Kaleidofin offers temporary loans and other financial products for customers that experience high income volatility. The Conversation

How government decisions impact financial inclusion

Anyone vaguely familiar with India will know the country is in the midst of a profound transformation when it comes to data, identification, and government services. If access to a bank account is the gateway to a host of other financial products, then accessing a mobile bank account will expose new customers to new technologies. This will open a market for additional services, applications, and platforms. In India, where PwC reports 233m people lack a bank account, the government has linked financial inclusion efforts to an ambitious digital identification program known as Aadhaar.

The Indian government is working on a multi-pronged approach that could link Aadhar biometric IDs with simplified and digital payments. The result of this strategy, dubbed the India Stack, will be a streamlined system of money management that will allow for digital welfare dispersal, digital medical records, and the foundation of a cashless society. The India Stack centers on a series of open-source application programming interfaces that allow governments, developers, businesses, and startups to use digital infrastructure to transform India into a paperless and cashless society.

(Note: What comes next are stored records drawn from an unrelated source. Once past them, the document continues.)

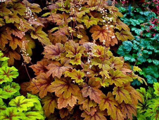 Heucherella “Redstone Falls”. Сорт терпим к солнышку, при достаточном его попадании становится более ярких, красных тонов. При меньшем попадании солнечного света на кустике появляются листочки разных оттенков: от зеленоватых до золотисто-желтых и оранжевых. Цветоносы длинные, с нежно-белыми цветами. Можно использовать в качестве ампельного растения.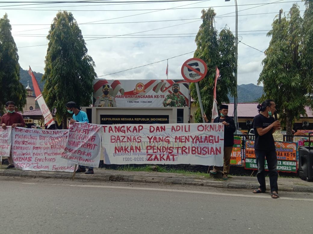 “kami sangat ikut prihatin dengan tindakan baznas Enrekang yang memberikan zakat bantuan kepada beberapa pejabat yang jelas nota benenya golongan kaya sehingga fakir miskin diabaikan, jadi hal seperti inilah yang menjadi virus yang akan mewabah dikabupaten enrekang ketika tidak di atasi” jelas dalam orasinya.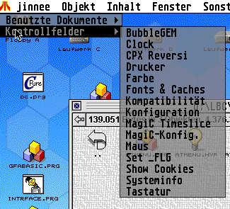 AtMenu kann über das Atari-Logo links oben erreicht werden. Mit der rechten Maustaste gelang man in den Konfigurationsdialog.

For startups like Kaleidofin, the India Stack is a game changer with the potential to revolutionize the way financial services are offered. Documentation that earlier needed to be carried out on paper can now be done electronically; a customer can sign and submit forms from anywhere and issue direct debit instructions to make payments from remote parts of the country. Kaleidofin’s business model is positive proof that the India Stack has already started to transform the financial inclusion sector. The question remains which other startups will attempt to build on the platform to create products for the new class of customer coming online in India.